Exercise material below:

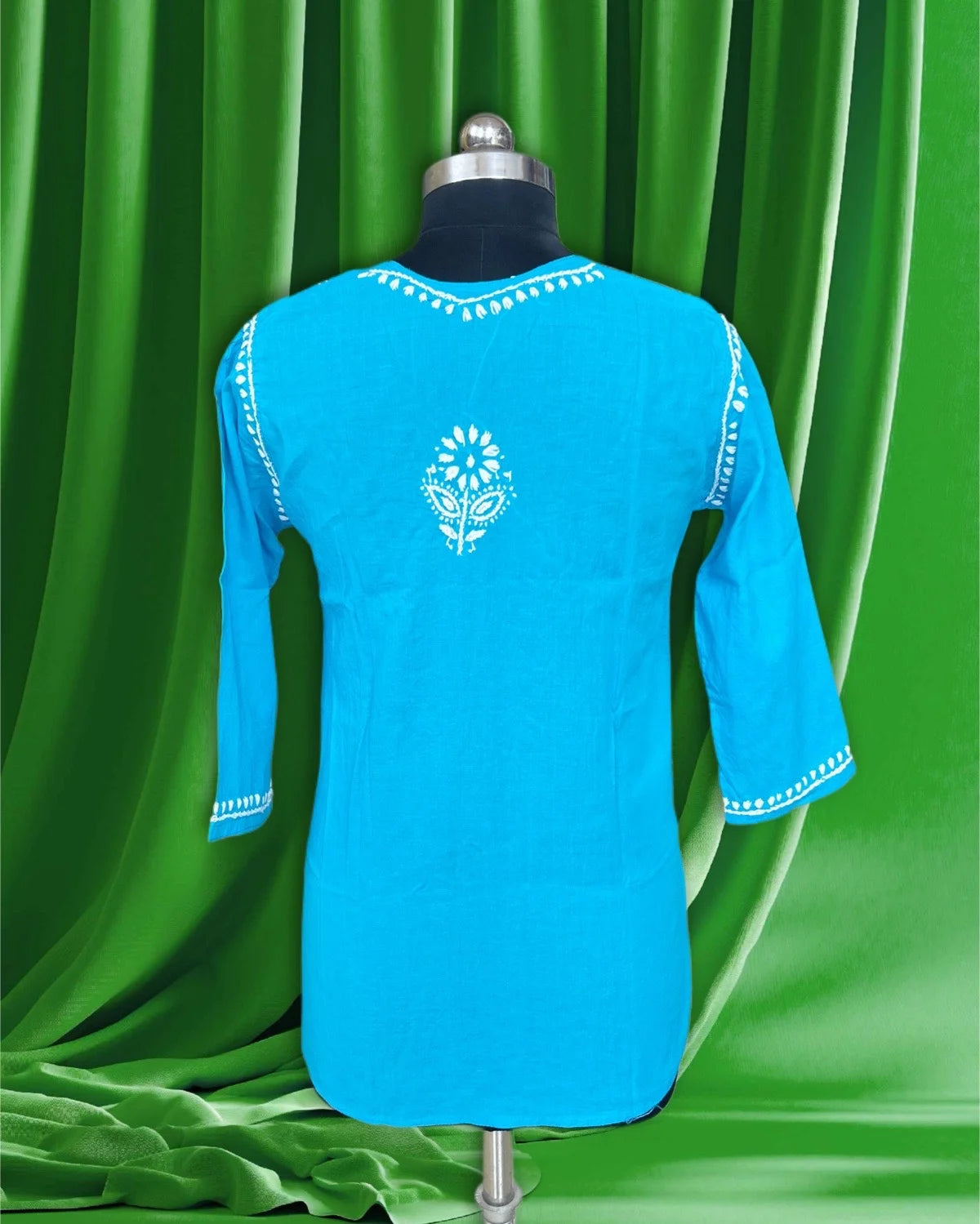 Lucknowi Chikankari Blue Cotton Short Kurti-T000030
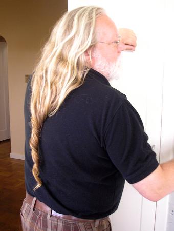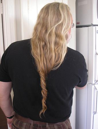 Hi Ken! So you had dinner with Bill as he left the chat last night for that get together.Well hope you all had a fun evening.Anyway thats a cool "twist" of a longhair style!Please pardon the pun.LOL.Certainly different that the usual array of braids mostly done as well as standard fare ponytails.Maybe you should get that patented since you did invent it!Looks very cool though and you certainly wear it well.Thanks for showing it to us board users.Now you'll have to top that one next time and think of a cool name for it too.The pressures on!LOL.Mark
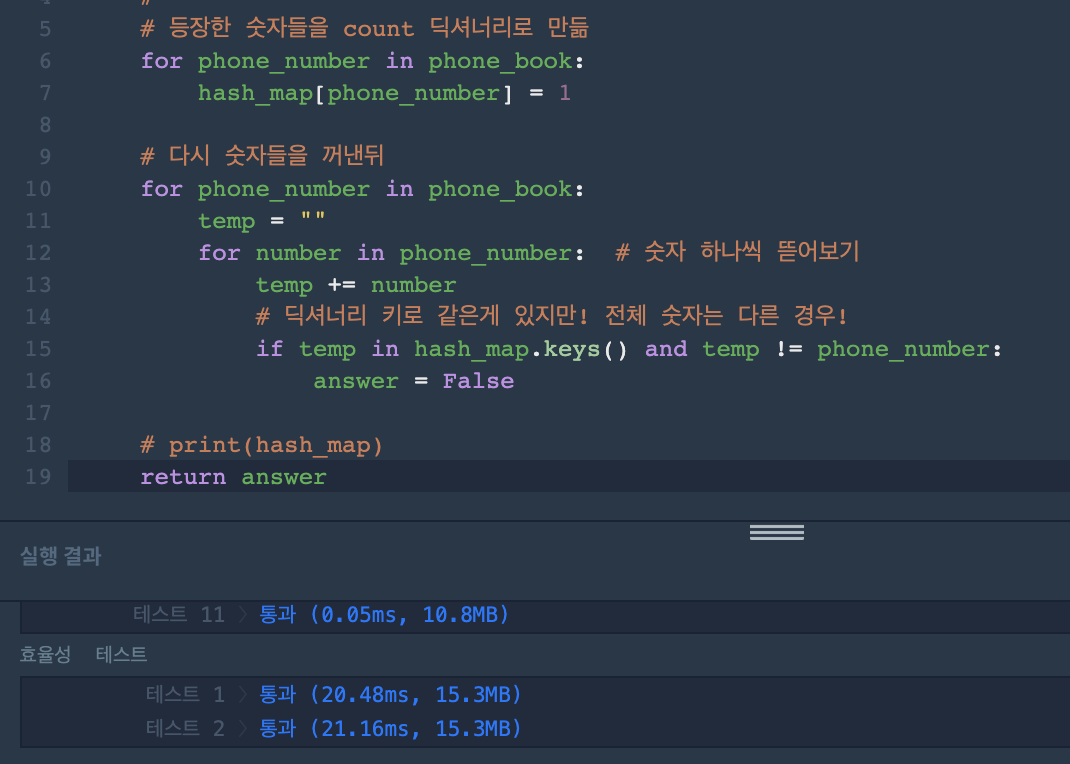 전화번호부에 적힌 전화번호를 담은 배열 phone_book 이 solution 함수의 매개변수로 주어질 때, 어떤 번호가 다른 번호의 접두어인 경우가 있으면 false를 그렇지 않으면 true를 return 하도록 solution 함수를 작성해주세요.
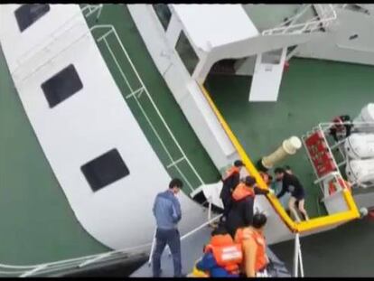 Nuevas imágenes difundidas este lunes le muestran a él y su tripulación abandonando el barco que naufragó hace una semana en aguas surcoreanas
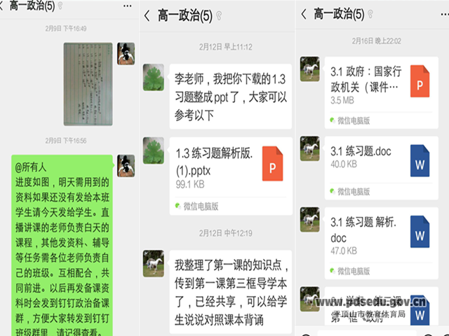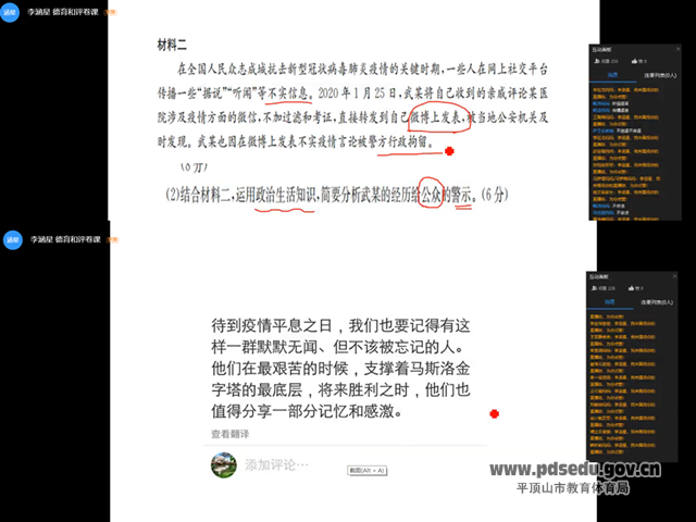 寒假开始前政治组就已经在教学会议上确定了集体备课采用分工协作的方法,并对备课的任务进行了分配。四中的数字化平台也为在家办公教学提供了极大便利。开学时间延迟后,政治组迅速反应,安排直播教师到岗完成教学任务,答疑时间则以直播、语音、平台作业辅导等形式各自负责辅导自己所教的班级,解答学生的个性化问题,并展示优秀作业,鼓励鞭策学生自觉自律。
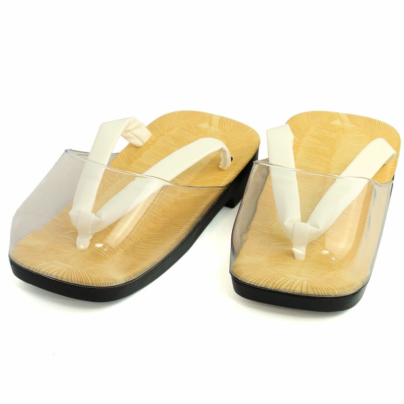 表:ビニール畳表白鼻緒 裏:ウレタン底 爪:透明爪付(カバー部分は取り外しは出来ません)
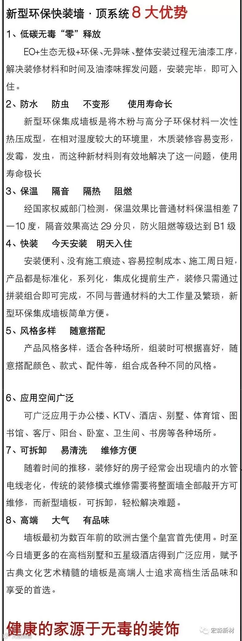 随着现在生活、工作节奏的加快,城乡居民更加注重生活品质的提高和健康、环保的居住环境。甘肃宏森新材料科技有限公司以健康、环保为己任,倾力打造出具有高科技含量的零甲醛生物质家装新材料,实现了今日装修,明日入住,生态循环,绿色共享的发展理念。各种产品款式新颖、风格多样、色彩丰富、节能环保、安装便捷。结合时尚高雅、唯美清新、豪华气派等现代潮流元素,同时具备防潮、防霉、抗菌、隔音等特点; 在享受木质感所带来的自然亲切的同时,还能体验实木所不能具备的阻燃、防潮、无味、可自由组合等特点。时至今日,宏森高性能环保生物质复合纤维新材料正以其优质的特性风靡整个装修行业。
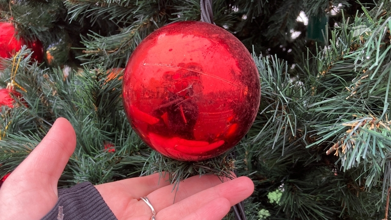 Зелёную красавицу уже нарядили — на ней красуются красно-желтые игрушки. Финальный этап декора — белые хлопья снега — украсят дерево чуть позже.
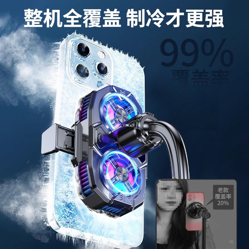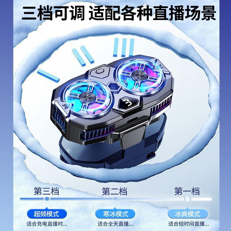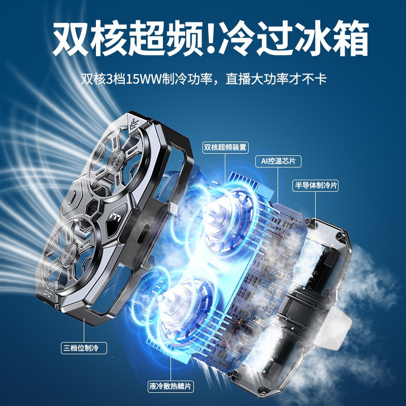 跨境版手机半导体直播散热器07数显三档可调双涡轮制冷适用直播
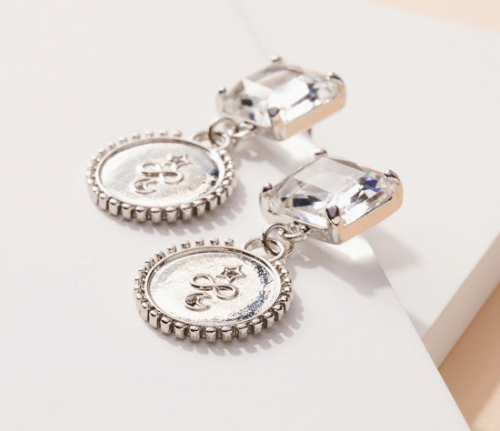 Moon and star detailed coin dangling earrings with square glass stone post.
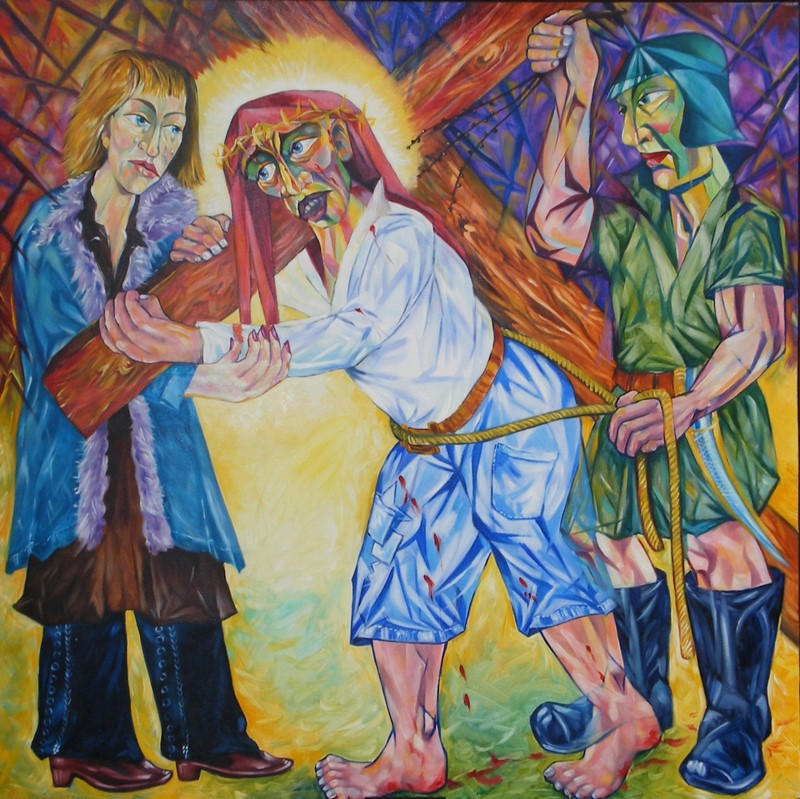 In de vierde statie ontmoet Maria haar zoon Jezus op weg naar Gogholta, waar hij de kruisdood zal sterven.
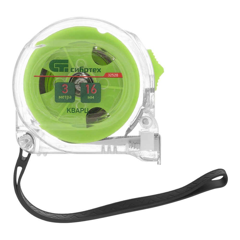 Рулетка Сибртех 32520 кварц, прозрачный корпус, амортизатор, 3 м
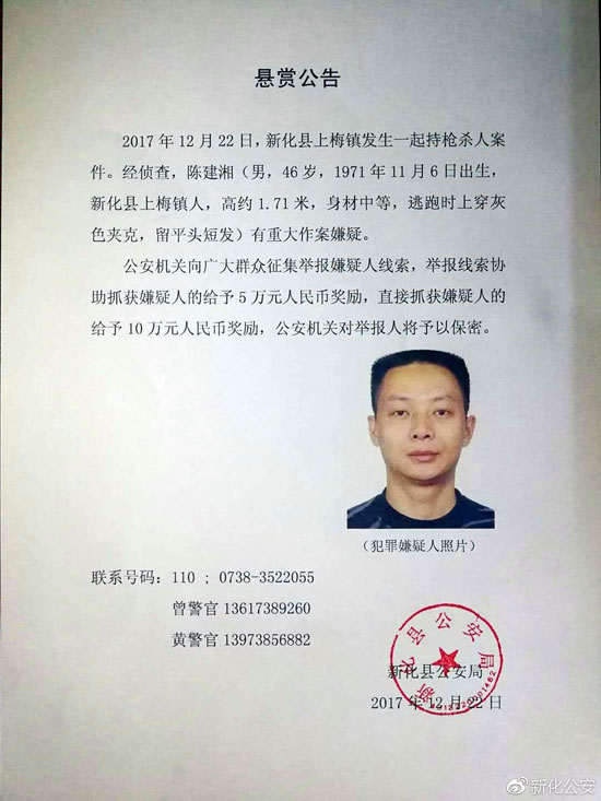 湖南新化县发生一起持枪杀人案
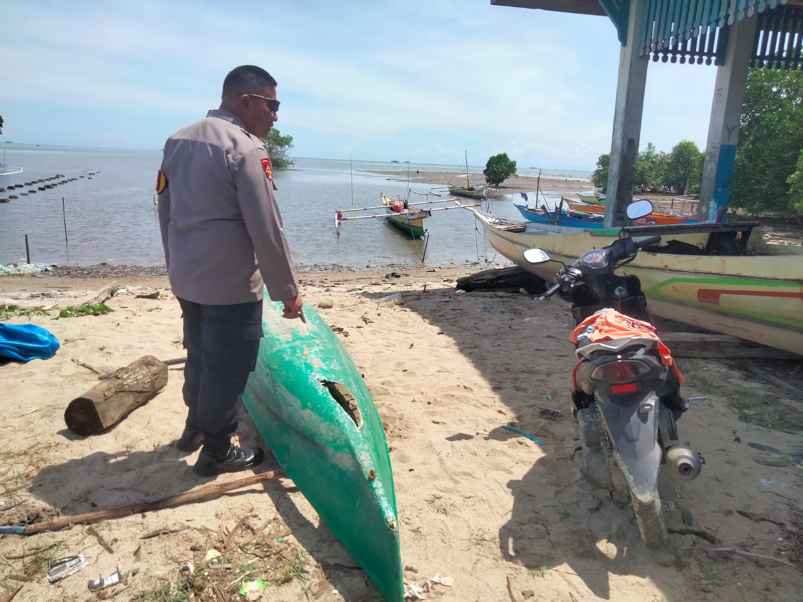 Nelayan setempat mengamankan satu unit perahu dayung kecil berbahan fiber berwarna hijau yang dicurigai kuat digunakan pelaku pengeboman ikan.

End of Exercise material.

Exercise objective:
Exercise for the records above: copy only the lines from the one with "Hi Ken! So you" to the one with "Nuevas imágenes difundidas", both ends kept, and drop the pictures.

Answer area:
 Hi Ken! So you had dinner with Bill as he left the chat last night for that get together.Well hope you all had a fun evening.Anyway thats a cool "twist" of a longhair style!Please pardon the pun.LOL.Certainly different that the usual array of braids mostly done as well as standard fare ponytails.Maybe you should get that patented since you did invent it!Looks very cool though and you certainly wear it well.Thanks for showing it to us board users.Now you'll have to top that one next time and think of a cool name for it too.The pressures on!LOL.Mark
 전화번호부에 적힌 전화번호를 담은 배열 phone_book 이 solution 함수의 매개변수로 주어질 때, 어떤 번호가 다른 번호의 접두어인 경우가 있으면 false를 그렇지 않으면 true를 return 하도록 solution 함수를 작성해주세요.
 Nuevas imágenes difundidas este lunes le muestran a él y su tripulación abandonando el barco que naufragó hace una semana en aguas surcoreanas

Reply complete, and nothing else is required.